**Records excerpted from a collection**
——

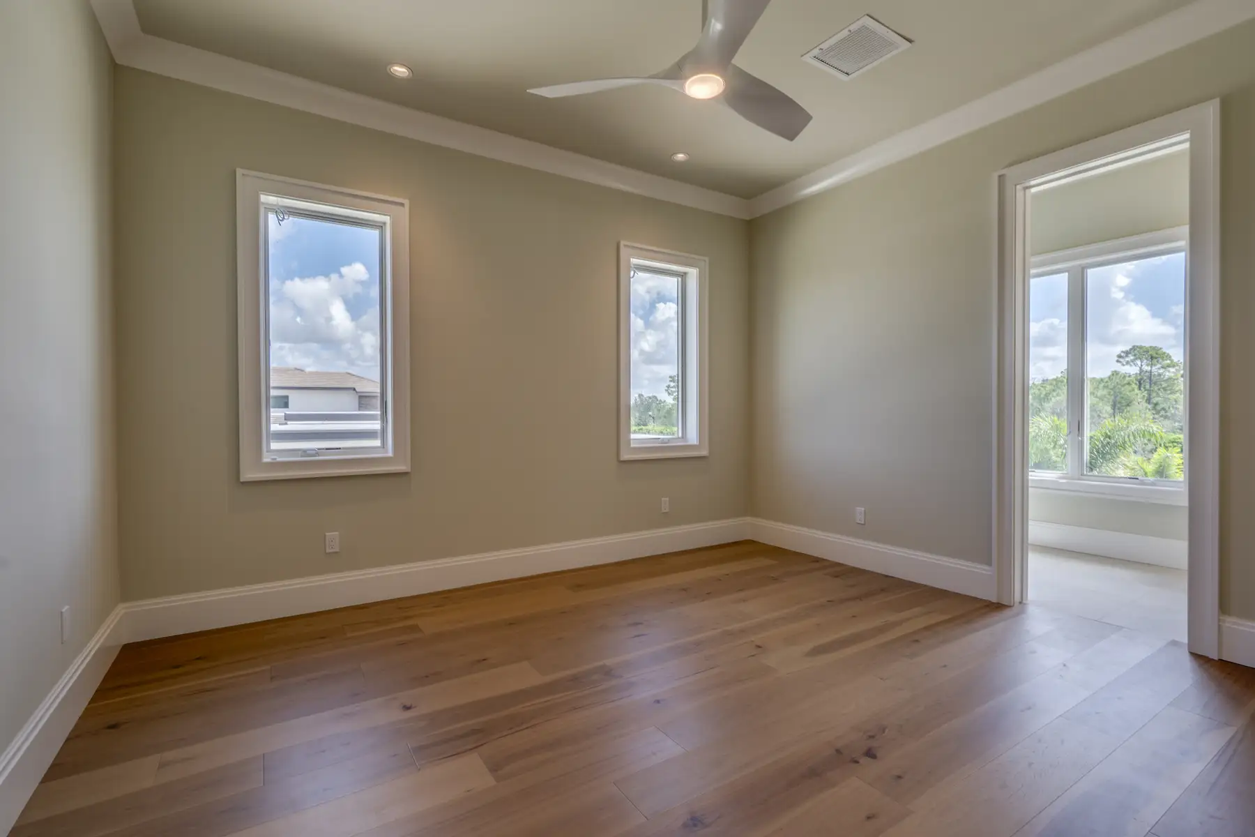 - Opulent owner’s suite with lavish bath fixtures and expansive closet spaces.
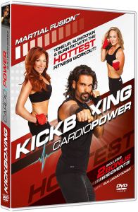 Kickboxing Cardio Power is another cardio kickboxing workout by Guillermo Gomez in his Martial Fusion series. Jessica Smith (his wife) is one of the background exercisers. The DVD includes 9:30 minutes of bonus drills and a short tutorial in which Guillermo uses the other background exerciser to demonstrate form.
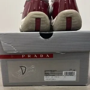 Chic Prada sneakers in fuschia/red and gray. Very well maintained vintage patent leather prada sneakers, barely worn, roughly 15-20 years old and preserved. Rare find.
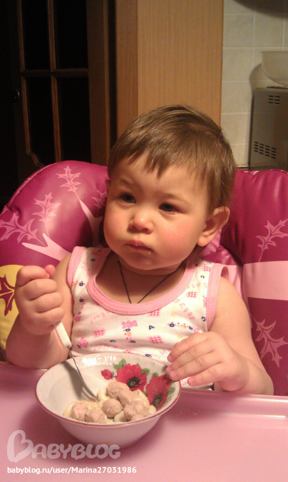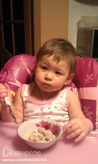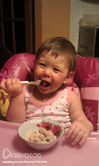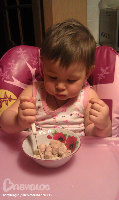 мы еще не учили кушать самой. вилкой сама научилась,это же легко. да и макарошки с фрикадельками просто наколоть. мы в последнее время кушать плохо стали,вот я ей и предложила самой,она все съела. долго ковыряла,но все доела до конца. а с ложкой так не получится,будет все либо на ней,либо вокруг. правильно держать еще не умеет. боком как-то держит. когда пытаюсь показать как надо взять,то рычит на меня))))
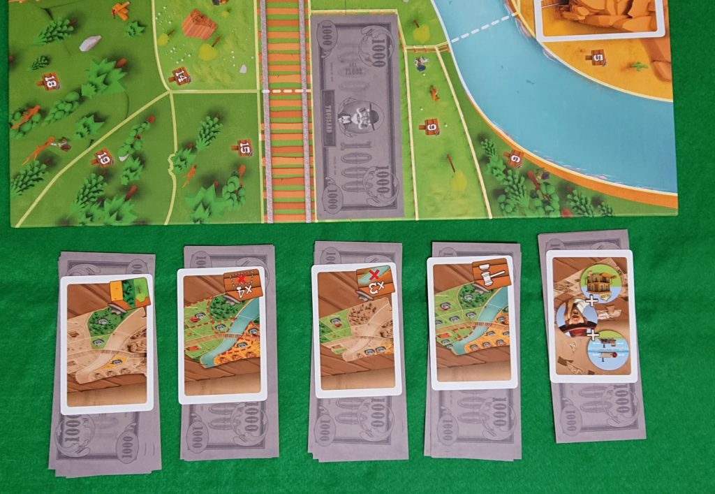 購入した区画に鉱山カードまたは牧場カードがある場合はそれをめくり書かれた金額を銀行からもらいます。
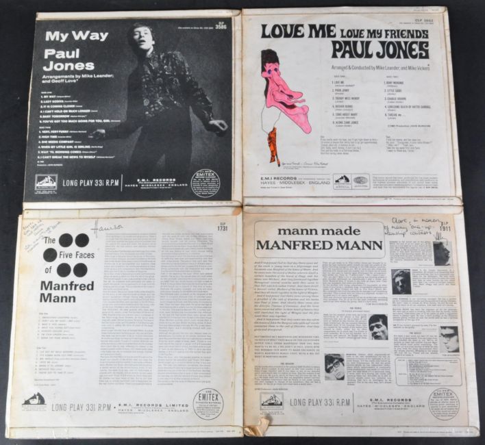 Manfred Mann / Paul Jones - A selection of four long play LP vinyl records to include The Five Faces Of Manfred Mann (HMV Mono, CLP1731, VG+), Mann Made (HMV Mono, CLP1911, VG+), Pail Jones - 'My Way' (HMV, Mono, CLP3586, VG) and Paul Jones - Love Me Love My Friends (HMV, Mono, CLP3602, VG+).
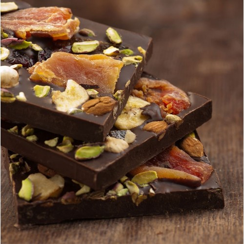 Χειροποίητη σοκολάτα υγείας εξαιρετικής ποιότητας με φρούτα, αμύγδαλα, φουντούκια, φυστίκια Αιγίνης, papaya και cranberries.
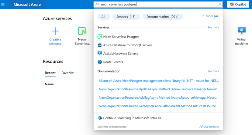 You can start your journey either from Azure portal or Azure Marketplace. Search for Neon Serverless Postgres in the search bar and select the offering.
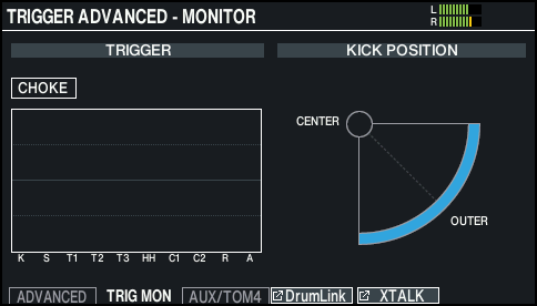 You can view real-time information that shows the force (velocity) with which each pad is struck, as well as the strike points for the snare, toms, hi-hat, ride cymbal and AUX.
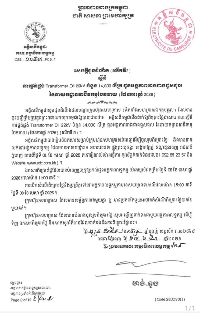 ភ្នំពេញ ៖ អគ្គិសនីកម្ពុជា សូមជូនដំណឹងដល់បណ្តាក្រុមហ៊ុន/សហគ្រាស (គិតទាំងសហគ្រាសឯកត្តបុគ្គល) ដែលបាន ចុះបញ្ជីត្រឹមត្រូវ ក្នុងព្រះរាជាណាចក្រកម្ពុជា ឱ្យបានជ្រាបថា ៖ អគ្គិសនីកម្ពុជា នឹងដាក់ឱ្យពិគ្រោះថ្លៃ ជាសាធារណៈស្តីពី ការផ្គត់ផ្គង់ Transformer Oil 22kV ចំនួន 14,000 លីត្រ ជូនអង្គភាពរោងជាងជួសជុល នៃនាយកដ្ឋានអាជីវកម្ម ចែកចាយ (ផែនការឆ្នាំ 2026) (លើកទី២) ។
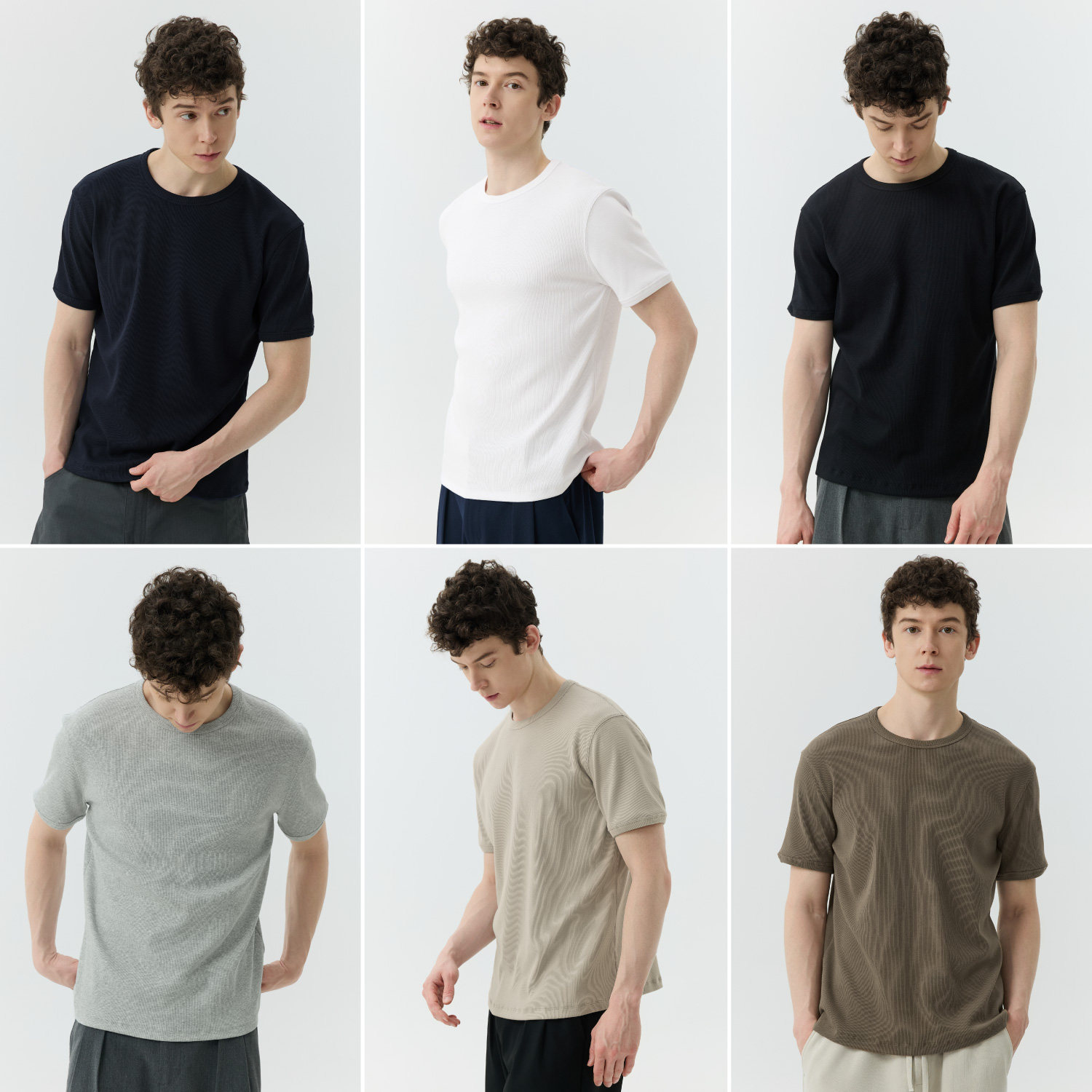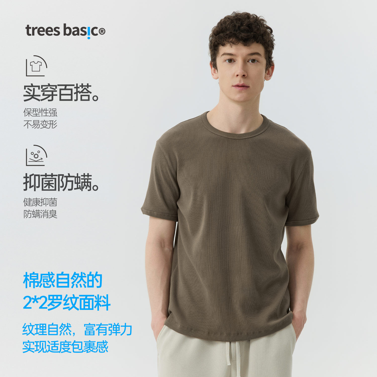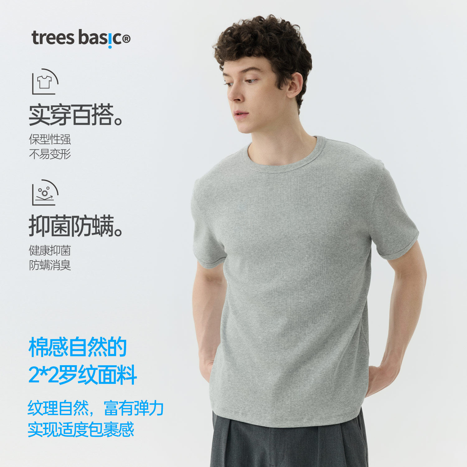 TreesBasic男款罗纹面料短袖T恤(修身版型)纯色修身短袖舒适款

——

**ABOUT THIS TASK**
For this exercise, reproduce exactly the lines of the records above from the one with "мы еще не учили" up to and including the one with "購入した区画に鉱山カードまた", without pictures.

**YOUR SOLUTION**
 мы еще не учили кушать самой. вилкой сама научилась,это же легко. да и макарошки с фрикадельками просто наколоть. мы в последнее время кушать плохо стали,вот я ей и предложила самой,она все съела. долго ковыряла,но все доела до конца. а с ложкой так не получится,будет все либо на ней,либо вокруг. правильно держать еще не умеет. боком как-то держит. когда пытаюсь показать как надо взять,то рычит на меня))))
 購入した区画に鉱山カードまたは牧場カードがある場合はそれをめくり書かれた金額を銀行からもらいます。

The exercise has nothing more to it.